How this skill works

The skill runs a structured pre-deployment sequence: verify staging, confirm production secrets, validate audio and API connectivity, and perform a gradual rollout with canary checks. It automates health checks, verifies speech recognition and tutor availability, monitors key metrics, and provides a scripted rollback/fallback flow when failures occur.
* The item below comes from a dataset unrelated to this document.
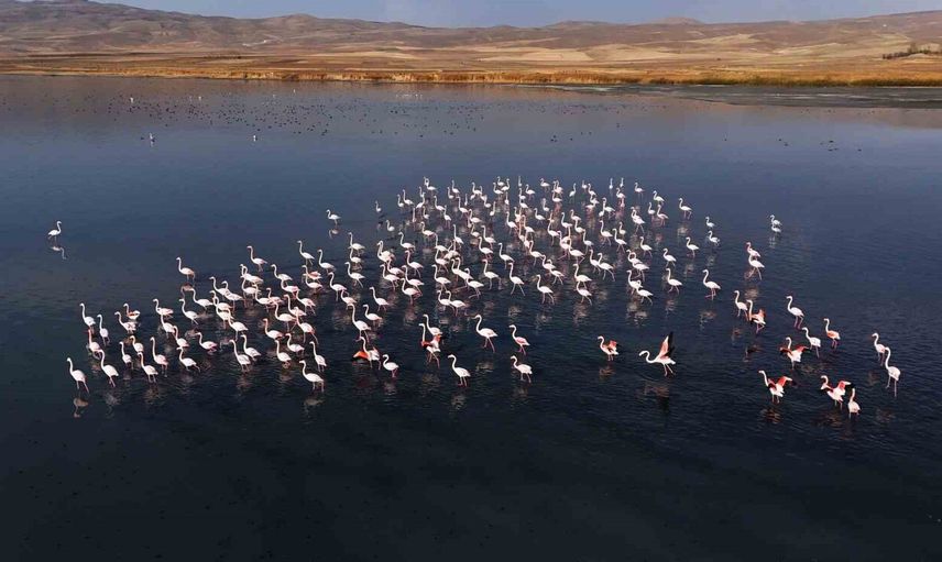 Pembe tüyleri, uzun boyunları ve estetik duruşlarıyla doğa tutkunlarının ilgisini çeken flamingolar, bölgede hava sıcaklıklarının mevsim normallerinin üzerinde seyretmesi nedeniyle konaklama sürelerini uzattı. Başta Urumiye Gölü olmak üzere bazı göllerin kuruması sonrası flamingolar, Van Gölü kıyıları ve Erçek Gölü'nde toplanarak bölge ekosistemine canlılık katıyor. Suya düşen nazlı gölgeleri ve sakin danslarıyla flamingolar, dron görüntüleriyle de kayda alındı.

It also outputs required documentation and alert rules for on-call teams.

When to use it

Deploying Speak integrations to production
Preparing a new Speak-powered feature for launch
Running pre-flight and post-deploy smoke tests
Implementing go-live monitoring and alerting
Executing emergency rollback or enabling fallback mode

Best practices

Keep production API keys in a secure vault and use least-privilege scopes
Run full staging tests including speech recognition and pronunciation scoring before production
Use gradual rollout (canary → 50% → 100%) and monitor metrics between steps
Ensure health endpoint verifies Speak connectivity, recognition, and tutor availability
Configure alerts for API down, high error rate, low speech success rate, and auth failures

Example use cases

Performing a controlled canary deployment for a new Speak lesson pipeline
Running the smoke test suite to validate production readiness after a release
Triggering emergency rollback when production speech recognition drops below threshold
Setting up Grafana panels and Prometheus queries for Speak-specific metrics
Documenting incident runbooks and key rotation before handing over to on-call

FAQ

What metrics should I watch during rollout?

Track API latency (p95), error rate, speech recognition success rate, lesson completion rates, and session abandonment.

When should I enable fallback mode?

Enable fallback when Speak connectivity or recognition is failing broadly and rollback to a previous stable version hasn’t restored service.